### Data for analysis

—————

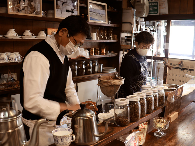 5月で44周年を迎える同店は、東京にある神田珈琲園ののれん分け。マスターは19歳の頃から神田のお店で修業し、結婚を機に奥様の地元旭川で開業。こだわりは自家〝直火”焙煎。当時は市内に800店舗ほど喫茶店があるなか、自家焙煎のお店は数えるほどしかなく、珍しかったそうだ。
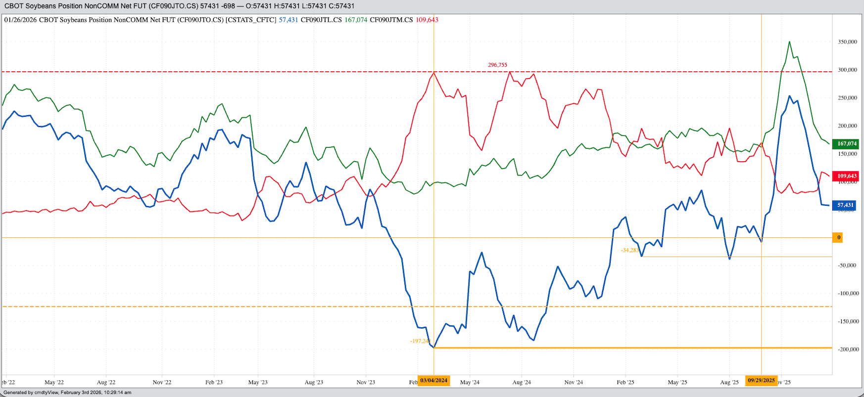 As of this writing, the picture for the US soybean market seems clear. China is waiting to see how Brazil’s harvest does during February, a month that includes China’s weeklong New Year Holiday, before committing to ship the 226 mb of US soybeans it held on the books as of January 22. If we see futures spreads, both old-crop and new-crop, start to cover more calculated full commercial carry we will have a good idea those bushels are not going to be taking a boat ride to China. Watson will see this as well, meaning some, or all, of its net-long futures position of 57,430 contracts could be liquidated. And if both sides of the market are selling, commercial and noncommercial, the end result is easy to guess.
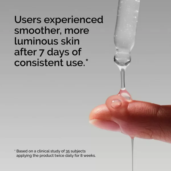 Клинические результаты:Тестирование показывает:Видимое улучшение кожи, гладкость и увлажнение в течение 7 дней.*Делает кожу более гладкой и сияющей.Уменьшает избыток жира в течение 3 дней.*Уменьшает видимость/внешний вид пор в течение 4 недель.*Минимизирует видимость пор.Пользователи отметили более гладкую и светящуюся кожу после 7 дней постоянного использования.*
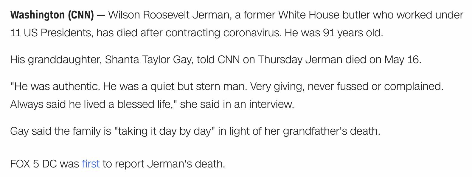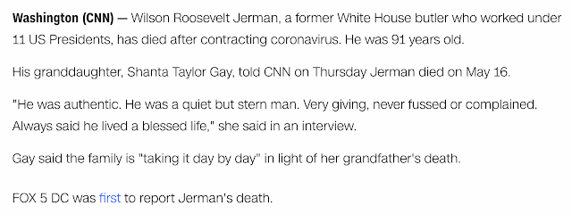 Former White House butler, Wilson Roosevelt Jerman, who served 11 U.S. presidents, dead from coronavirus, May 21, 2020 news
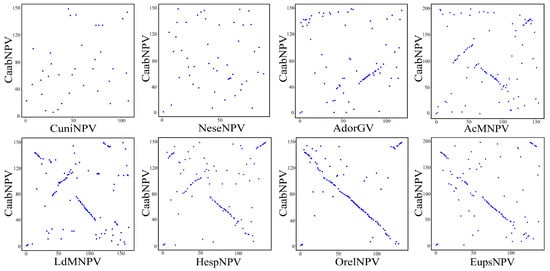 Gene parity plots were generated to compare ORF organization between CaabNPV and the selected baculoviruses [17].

—————

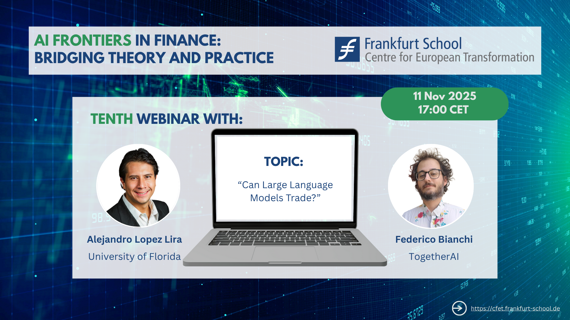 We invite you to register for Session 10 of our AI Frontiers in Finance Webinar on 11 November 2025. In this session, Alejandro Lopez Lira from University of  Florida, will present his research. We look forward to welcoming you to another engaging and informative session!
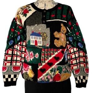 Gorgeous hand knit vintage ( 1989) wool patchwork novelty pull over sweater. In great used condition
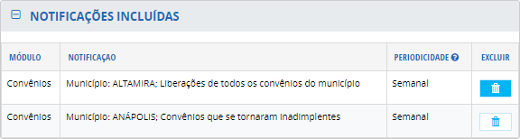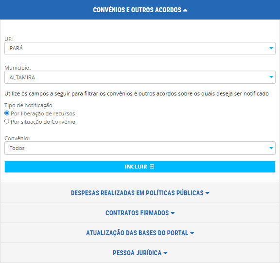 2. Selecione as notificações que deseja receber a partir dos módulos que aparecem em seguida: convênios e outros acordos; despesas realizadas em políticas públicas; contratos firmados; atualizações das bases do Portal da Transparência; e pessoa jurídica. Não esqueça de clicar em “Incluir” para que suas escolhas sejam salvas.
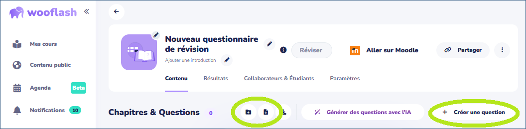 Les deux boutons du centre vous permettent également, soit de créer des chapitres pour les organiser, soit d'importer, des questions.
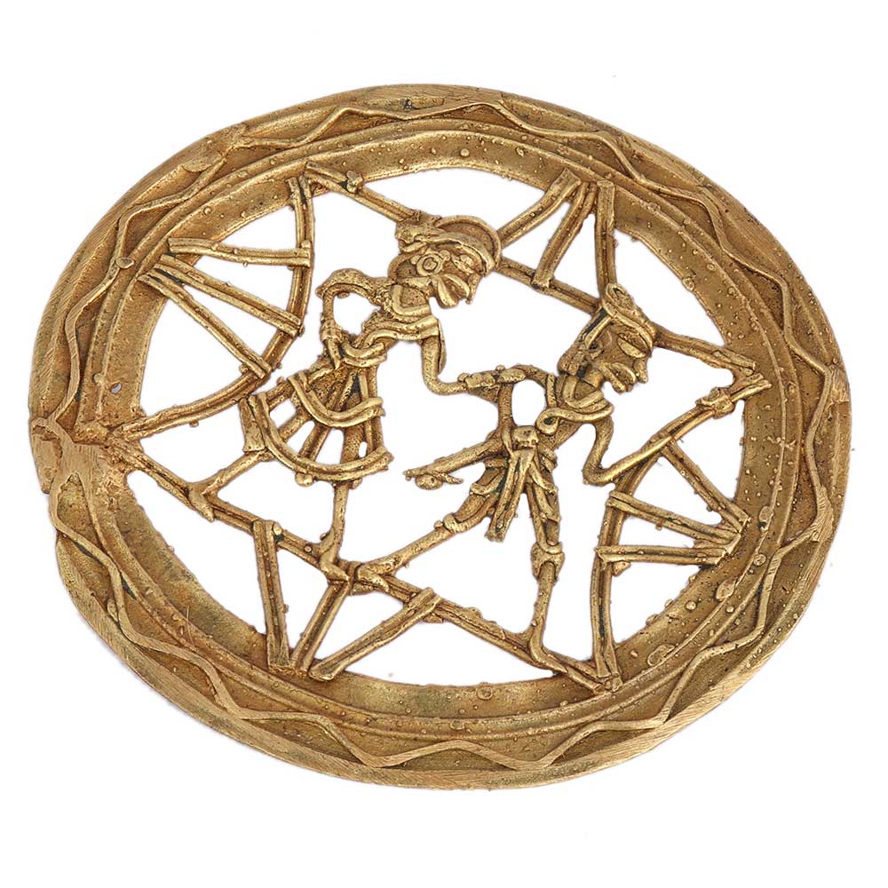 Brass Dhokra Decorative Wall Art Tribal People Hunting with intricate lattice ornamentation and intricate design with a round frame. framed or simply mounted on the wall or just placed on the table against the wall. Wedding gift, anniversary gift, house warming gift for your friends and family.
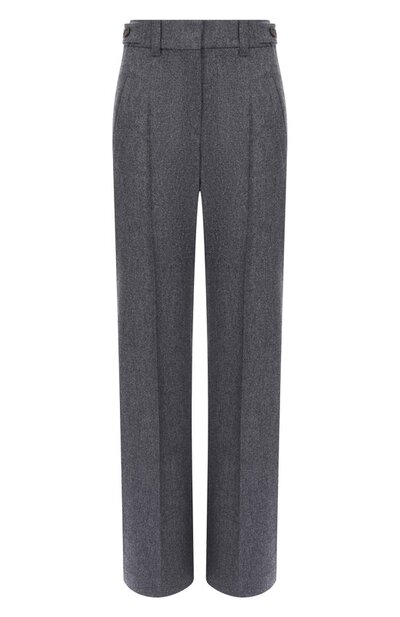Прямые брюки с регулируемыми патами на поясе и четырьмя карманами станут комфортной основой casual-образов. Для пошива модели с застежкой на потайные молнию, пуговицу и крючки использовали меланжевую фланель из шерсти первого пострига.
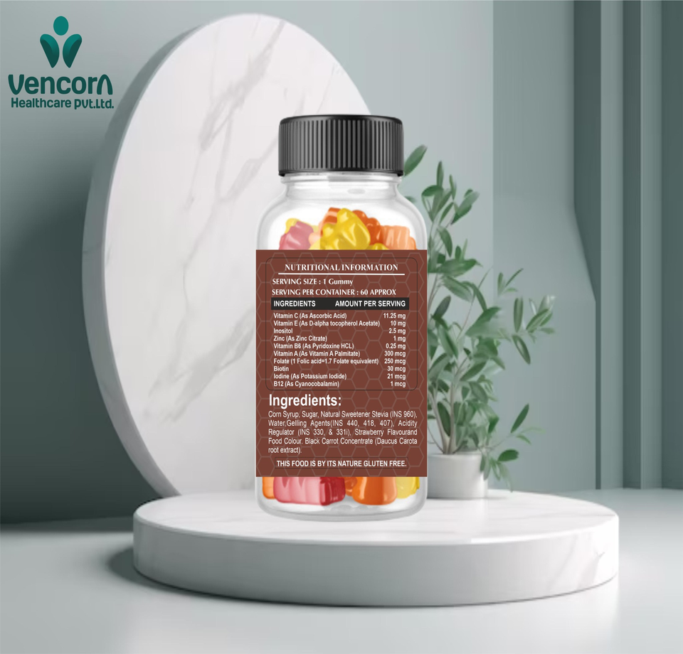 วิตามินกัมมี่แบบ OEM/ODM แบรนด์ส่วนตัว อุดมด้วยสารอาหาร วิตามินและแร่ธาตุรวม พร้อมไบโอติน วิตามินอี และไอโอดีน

—————

### Brief
All that should appear in the answer is the lines above from the line with "Brass Dhokra Decorative" through the line with "วิตามินกัมมี่แบบ OEM/ODM แบรนด์ส่วนตัว", retyped exactly, pictures left out.

### Result of the task
 Brass Dhokra Decorative Wall Art Tribal People Hunting with intricate lattice ornamentation and intricate design with a round frame. framed or simply mounted on the wall or just placed on the table against the wall. Wedding gift, anniversary gift, house warming gift for your friends and family.
Прямые брюки с регулируемыми патами на поясе и четырьмя карманами станут комфортной основой casual-образов. Для пошива модели с застежкой на потайные молнию, пуговицу и крючки использовали меланжевую фланель из шерсти первого пострига.
 วิตามินกัมมี่แบบ OEM/ODM แบรนด์ส่วนตัว อุดมด้วยสารอาหาร วิตามินและแร่ธาตุรวม พร้อมไบโอติน วิตามินอี และไอโอดีน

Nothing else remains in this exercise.